OS induced by obesity damages endometrial immune microenvironment and immune tolerance (56). Reports have demonstrated that OS could induce phenotypic changes in multiple kinds of endometrial immune cells (57): the enhanced cytotoxicity of natural killer (NK) cells and decreased IFN-γ secretion damage the remodeling of placental blood vessels; the enhanced polarization of M1 macrophages and suppression of FOXP3+ regulatory T cells enhance inflammatory response in individuals with obesity and cause immune tolerance defect (23).

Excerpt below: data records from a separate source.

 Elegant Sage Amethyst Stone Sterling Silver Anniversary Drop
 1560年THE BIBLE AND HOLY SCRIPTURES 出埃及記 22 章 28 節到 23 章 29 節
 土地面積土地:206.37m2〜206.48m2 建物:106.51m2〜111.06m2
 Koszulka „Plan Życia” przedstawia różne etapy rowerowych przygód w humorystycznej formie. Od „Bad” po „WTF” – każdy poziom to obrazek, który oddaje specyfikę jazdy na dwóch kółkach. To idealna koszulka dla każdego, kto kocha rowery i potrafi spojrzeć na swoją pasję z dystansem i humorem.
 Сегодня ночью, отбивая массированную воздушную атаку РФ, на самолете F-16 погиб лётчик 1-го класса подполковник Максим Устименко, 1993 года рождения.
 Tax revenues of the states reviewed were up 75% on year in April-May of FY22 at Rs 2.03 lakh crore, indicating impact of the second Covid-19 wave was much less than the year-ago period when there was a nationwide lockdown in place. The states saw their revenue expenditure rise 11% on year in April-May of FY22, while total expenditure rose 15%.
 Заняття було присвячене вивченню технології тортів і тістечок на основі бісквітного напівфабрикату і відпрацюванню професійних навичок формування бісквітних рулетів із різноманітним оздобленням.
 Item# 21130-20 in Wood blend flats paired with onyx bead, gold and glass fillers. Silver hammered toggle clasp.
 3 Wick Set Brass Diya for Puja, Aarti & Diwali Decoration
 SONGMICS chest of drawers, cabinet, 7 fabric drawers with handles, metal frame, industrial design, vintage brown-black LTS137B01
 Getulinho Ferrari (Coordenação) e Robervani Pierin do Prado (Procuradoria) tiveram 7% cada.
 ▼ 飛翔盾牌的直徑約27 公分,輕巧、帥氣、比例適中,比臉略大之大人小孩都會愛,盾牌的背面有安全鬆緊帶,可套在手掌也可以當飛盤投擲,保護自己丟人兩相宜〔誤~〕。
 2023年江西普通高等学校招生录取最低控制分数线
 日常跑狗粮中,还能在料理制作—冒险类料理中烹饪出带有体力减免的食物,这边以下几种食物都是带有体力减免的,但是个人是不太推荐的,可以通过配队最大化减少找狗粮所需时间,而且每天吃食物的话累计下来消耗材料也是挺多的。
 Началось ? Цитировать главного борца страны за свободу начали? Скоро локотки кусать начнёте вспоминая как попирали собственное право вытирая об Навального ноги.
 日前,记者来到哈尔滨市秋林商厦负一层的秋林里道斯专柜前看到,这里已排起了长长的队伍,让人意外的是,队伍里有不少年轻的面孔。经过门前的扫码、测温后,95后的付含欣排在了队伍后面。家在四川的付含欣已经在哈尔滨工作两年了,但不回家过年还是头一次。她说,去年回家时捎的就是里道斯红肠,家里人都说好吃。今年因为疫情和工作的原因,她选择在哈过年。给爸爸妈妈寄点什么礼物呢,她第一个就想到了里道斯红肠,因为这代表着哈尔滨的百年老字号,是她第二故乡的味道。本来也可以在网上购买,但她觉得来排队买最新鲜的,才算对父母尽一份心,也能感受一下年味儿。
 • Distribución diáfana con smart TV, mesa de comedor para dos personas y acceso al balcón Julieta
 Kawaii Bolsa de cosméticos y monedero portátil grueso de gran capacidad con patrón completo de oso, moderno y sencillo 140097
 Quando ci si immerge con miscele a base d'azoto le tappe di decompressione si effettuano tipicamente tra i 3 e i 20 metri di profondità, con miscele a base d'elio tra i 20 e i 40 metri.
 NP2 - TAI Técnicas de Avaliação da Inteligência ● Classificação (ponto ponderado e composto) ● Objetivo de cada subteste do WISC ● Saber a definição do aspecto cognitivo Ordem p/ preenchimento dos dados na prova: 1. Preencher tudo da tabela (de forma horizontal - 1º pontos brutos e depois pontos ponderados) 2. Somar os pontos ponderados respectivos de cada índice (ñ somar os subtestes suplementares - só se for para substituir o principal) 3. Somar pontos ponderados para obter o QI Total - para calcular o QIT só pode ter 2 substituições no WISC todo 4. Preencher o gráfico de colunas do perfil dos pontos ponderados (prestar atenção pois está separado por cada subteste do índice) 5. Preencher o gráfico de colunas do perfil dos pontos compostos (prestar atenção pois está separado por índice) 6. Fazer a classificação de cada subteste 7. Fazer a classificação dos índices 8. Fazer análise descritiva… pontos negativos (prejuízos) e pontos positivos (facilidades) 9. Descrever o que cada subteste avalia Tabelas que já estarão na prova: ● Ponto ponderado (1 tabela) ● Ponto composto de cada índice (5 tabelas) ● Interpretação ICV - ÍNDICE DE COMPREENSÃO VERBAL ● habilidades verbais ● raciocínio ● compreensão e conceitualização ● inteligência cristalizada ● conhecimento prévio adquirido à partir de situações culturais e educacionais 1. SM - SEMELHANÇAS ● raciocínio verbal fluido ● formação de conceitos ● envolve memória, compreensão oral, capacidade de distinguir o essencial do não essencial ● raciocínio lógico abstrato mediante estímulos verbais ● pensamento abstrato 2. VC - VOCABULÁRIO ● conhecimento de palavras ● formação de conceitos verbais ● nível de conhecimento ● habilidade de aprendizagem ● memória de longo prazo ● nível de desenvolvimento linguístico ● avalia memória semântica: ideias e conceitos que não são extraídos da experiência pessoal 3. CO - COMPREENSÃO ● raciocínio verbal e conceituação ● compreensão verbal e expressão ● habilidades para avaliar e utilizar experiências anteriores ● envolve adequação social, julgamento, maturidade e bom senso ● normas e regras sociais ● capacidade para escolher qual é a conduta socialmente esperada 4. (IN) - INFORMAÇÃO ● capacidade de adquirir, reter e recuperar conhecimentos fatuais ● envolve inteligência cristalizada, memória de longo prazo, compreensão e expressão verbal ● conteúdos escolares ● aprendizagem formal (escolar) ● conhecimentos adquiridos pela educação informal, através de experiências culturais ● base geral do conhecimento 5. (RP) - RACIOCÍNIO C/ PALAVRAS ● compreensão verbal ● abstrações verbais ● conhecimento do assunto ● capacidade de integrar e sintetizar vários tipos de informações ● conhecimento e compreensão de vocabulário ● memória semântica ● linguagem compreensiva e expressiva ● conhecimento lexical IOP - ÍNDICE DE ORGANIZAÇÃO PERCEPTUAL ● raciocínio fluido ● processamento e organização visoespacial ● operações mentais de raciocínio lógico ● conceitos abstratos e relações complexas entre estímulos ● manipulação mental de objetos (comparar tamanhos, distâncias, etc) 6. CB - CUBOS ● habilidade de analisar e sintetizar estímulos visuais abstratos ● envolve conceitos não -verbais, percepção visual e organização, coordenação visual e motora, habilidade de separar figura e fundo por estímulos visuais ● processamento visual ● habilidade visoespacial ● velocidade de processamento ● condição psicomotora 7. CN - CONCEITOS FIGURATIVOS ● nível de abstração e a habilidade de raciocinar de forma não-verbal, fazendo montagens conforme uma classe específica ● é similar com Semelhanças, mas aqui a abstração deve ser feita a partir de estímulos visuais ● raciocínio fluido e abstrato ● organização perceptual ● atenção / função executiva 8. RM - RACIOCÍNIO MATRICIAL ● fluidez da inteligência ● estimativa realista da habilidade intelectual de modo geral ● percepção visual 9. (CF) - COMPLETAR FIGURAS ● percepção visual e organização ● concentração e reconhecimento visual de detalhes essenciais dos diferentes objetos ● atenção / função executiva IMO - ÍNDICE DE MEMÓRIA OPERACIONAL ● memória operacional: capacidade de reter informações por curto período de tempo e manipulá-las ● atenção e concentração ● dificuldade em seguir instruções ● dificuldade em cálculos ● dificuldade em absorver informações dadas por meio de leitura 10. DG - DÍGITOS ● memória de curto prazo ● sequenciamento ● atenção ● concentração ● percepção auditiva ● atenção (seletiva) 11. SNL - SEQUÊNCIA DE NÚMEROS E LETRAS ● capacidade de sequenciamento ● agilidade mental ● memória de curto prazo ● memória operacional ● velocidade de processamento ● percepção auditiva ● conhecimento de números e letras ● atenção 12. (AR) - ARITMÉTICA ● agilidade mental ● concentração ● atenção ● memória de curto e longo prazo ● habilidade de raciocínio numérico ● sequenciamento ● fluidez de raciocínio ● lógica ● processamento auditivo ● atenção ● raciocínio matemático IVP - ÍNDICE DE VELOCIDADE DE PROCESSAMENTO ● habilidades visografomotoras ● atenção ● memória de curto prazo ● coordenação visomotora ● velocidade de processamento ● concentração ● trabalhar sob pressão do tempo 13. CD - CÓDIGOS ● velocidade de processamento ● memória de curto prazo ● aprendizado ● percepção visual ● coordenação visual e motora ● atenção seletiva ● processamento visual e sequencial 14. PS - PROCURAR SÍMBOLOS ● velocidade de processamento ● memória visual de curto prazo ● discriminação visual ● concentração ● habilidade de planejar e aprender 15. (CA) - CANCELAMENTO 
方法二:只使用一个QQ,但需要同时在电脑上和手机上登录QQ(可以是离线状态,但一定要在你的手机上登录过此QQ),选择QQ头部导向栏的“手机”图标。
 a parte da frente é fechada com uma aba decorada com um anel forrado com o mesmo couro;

5.2.2 Sexual hormone level disruption

Under normal conditions, estrogen(E₂) undergoes two successive phases of metabolism: cytochrome P450 enzymes (such as CYP1A1) first metabolize E₂ into reactive metabolites (2-hydroxyestrogens and 4-hydroxyestrogens), which are then conjugated by sulfotransferase (SULT1E1) and UDP-glucuronosyltransferase (UGT2B7) to add a sulfonate (SO₃^-) group and a glucuronide group, respectively (58). SULT1E1 and UGT2B7 catalyze the last two steps of E₂ metabolism that convert reactive E₂ metabolites into their respective conjugates, which are water-soluble metabolites that are easily excreted. When ROS are excessively accumulated, the equilibrium of E₂ metabolism is broken by: one, upregulating the expression of cytochrome P450, leading to the enrichment of redox-active catechol E₂s, which continually induce ROS generation (59); the other, downregulating the transcriptional and catalytic activities of SULT1E1 and UGT2B7, which weaken the E₂ conjugation and excretion. The decrease in metabolic capacity causes the accumulation of reactive E₂ metabolites, which further aggravate metabolic disorder (60).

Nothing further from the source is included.